Persistence length is usually used to describe the stiffness of a MT where one is thinking of an elastic rod with a certain flexural rigidity subject to thermal forcing while suspended in a fluid. When non-thermal forces influence the shape, the persistence length can be shorter, as found in the papers referenced by the authors. However, on the cortex in plant cells, it’s not clear that existing estimates of persistence length are relevant. For a cortically anchored MT in a plant cell, its shape is determined by fluctuations of the free tip that are frozen by the attachment of an anchor somewhere along that free tip.

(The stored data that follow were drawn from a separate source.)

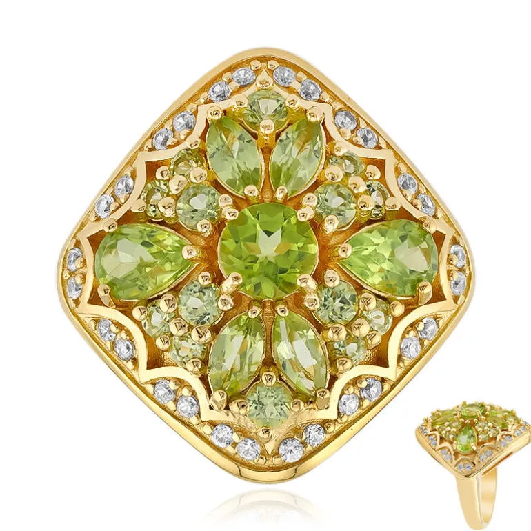 Dieser exquisite Ring präsentiert eine atemberaubende Reihe burmesischer Peridots von insgesamt 2,816 Karat, gefasst in strahlend vergoldetem 925er Sterlingsilber. Sein kompliziertes Design weist Birnen-, Rund- und Marquise-Schliffe auf, die von schillernden Zirkonen aus Tansania akzentuiert werden. Dieser Ring eignet sich perfekt für besondere Anlässe und verleiht sowohl der Abendgarderobe als auch raffinierter Tageskleidung einen Hauch von Eleganz, der Licht und Bewunderung gleichermaßen einfängt.
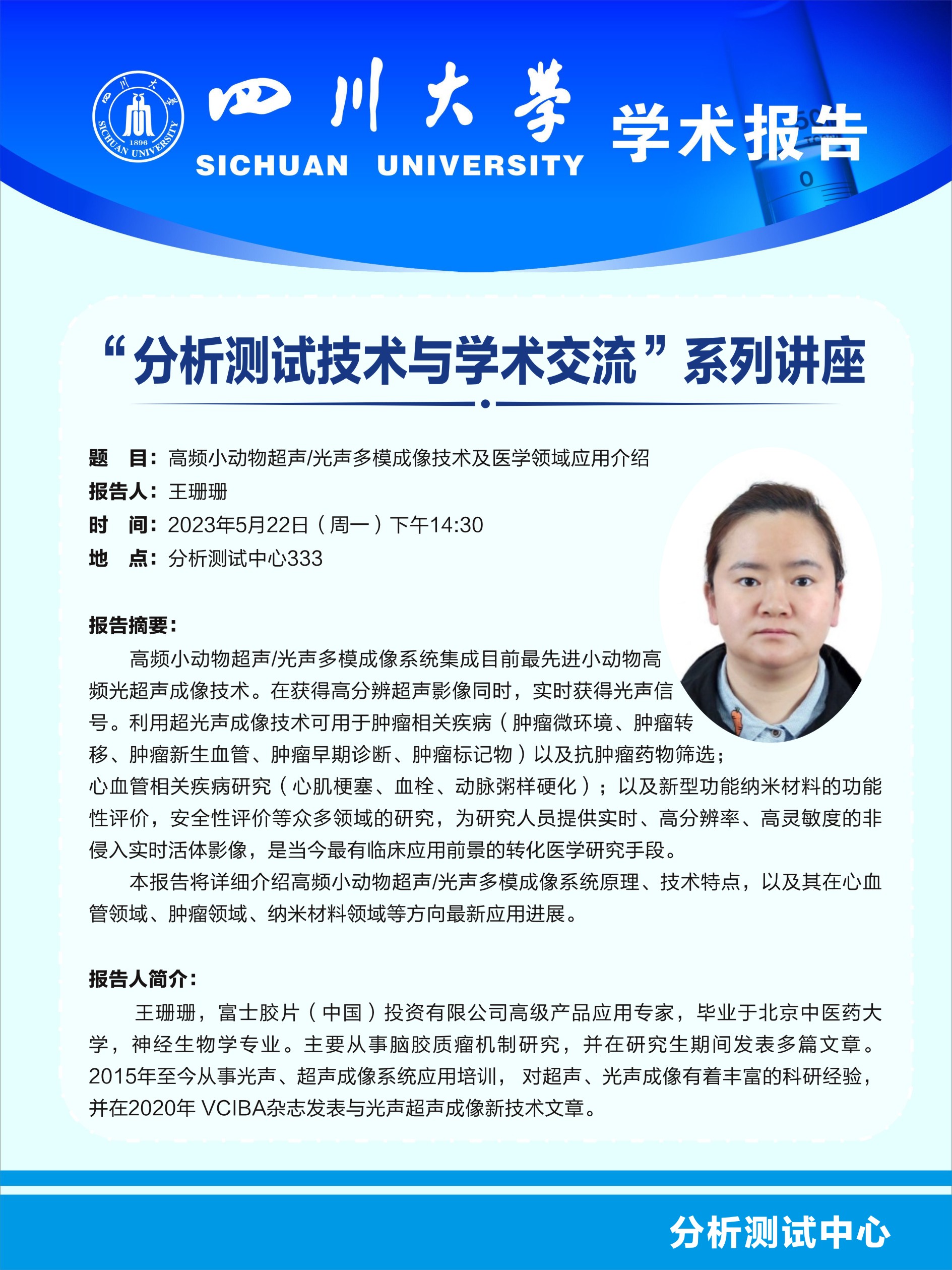 “分析测试技术与学术交流”系列讲座-高频小动物超声/光生多模成像技术及医学领域应用介绍
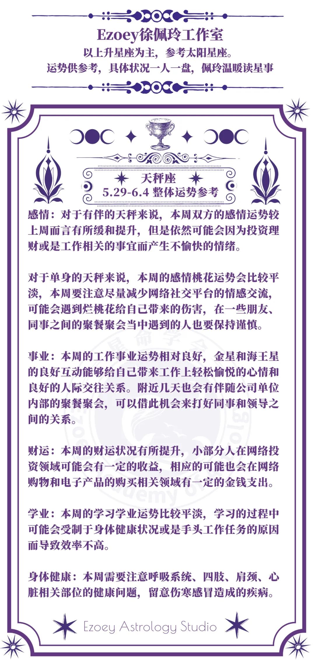 Ezoey徐佩玲一周星座运势(5.29-6.4)
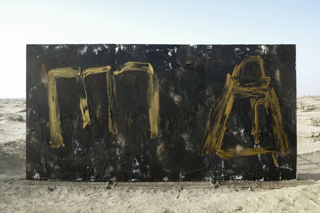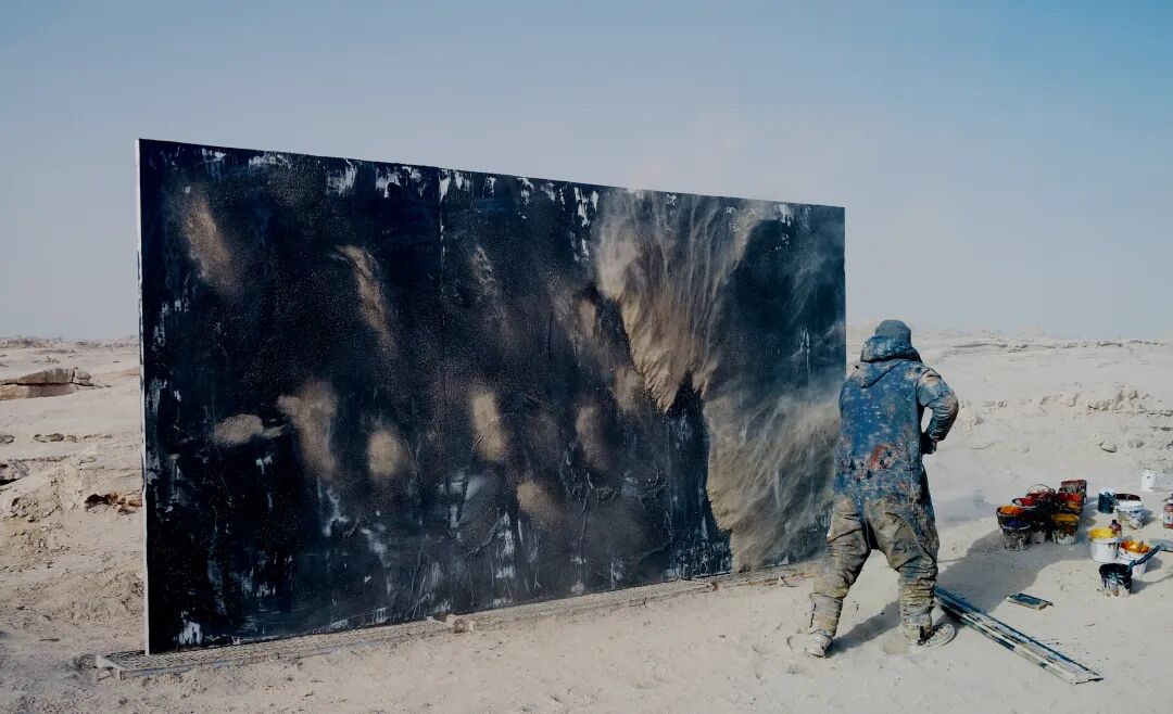 《荒原计划14号》是刘商英“荒原计划”项目中一件转折性作品。面对已成为荒原本身的楼兰遗址,艺术家感受到了人与自然在时空中无法割裂的精神联系。在经历了从被动的抵抗到僵持的拉锯后,刘商英终于决定让自然主动参与绘画。他第一次铲起地上的沙土并泼向等待它已久的黑色画面,伴随沉闷的撞击声,那些砸在画上的沙土炸开了隐匿在艺术家心中的迷雾。

A very high anchoring rate (implicitly or explicitly assumed in most models, in the form of having MTs follow geodesics) would essentially prevent any fluctuations leading to an arbitrarily high persistence length. Very rare anchoring might allow the thermally driven shapes to produce estimates closer to the values measured in suspension. Additional forces (like cytoplasmic streaming) could bring the measured persistence length down. Without direct measurement of Lp in plants, I don’t see any reason to adopt a sub-mm figure. I like that the authors explored a range of persistence lengths and I am not troubled that short persistence lengths discouraged banding but I think the framing of this part of the paper ignores the subtlety of the difference between persistence lengths in different contexts (e.g. suspended in fluid versus embedded in an actin meshwork versus cortically anchored).

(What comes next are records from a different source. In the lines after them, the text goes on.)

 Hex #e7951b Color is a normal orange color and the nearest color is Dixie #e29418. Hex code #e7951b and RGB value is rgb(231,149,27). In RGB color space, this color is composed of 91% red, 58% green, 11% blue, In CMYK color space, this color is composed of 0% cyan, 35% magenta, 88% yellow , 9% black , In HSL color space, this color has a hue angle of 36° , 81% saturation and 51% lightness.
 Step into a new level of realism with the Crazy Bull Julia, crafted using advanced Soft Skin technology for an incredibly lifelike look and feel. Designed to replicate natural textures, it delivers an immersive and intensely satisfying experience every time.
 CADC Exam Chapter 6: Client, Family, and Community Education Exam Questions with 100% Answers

Also, the authors use p for persistence length but earlier used subscripted p for various probabilities. Perhaps L<sub>p</sub> or l<sub>p</sub> which are often used might remove ambiguity.

Inhomogeneity problem:

Although there is a paragraph talking about the “inhomogeneity problem”, it was difficult to make sense of what the actual problem was until looking over previous work from the authors. As the present study is described as improving on what the authors' previous model did, describing that would be very helpful. Some mention of the positive feedback loop created by nucleation factors binding directly to randomly chosen segments of existing MTs (instead of regions of membrane first, as in the new model) would be helpful.

Initial nucleation bias:

The statistics of the initial nucleation bias are described using the mean and variance. Using variance (with units of rad<sup>2</sup>) makes it hard to parse the number. Also, it is given (in the Fig 2 caption) as 0.01 rad<sup>2</sup> where all other angles are given relative to pi. It would be nicer if it was given as σ<sub>noise</sub>=0.032 π.

--Results--

Angle mismatch study (3.1):

The authors tested their model’s convergence to a banded state when an initial non-banded MT array was highly ordered and skewed relative to the fixed ROP bands. They found that for very small angle mismatches (<1.8<sup>o</sup>), convergence was quick but for slightly larger angles (eg 3.6<sup>o</sup>) convergence was slow because the pre-existing array had to disassemble and a new one reform at the correct orientation. This makes intuitive sense although the sensitivity at such small angles is a bit surprising. What is less clear is the relevance of this study. This half-model (ROP fixed, MTs dynamic) seems to be a study case whose main purpose ought to be facilitating the formulation of the full model. In my mind the first step would be to test whether the steady state of the half model is stable to perturbations that would be relevant in the context of the full model. An angular shift of a full non-banded MT array is not a small perturbation of the steady state of either the half or the full model (the initial array is also “hyper-organized” because of the nucleation bias). It certainly gives some information about how the half model behaves with certain initial conditions but I don’t see its relevance to anything else. What is the motivation for this test? A study more directly related to the general problem of formulating a full ROP-MT model should be included. Or if that is not the long-term goal here then a better motivation for this work and this particular section would be helpful.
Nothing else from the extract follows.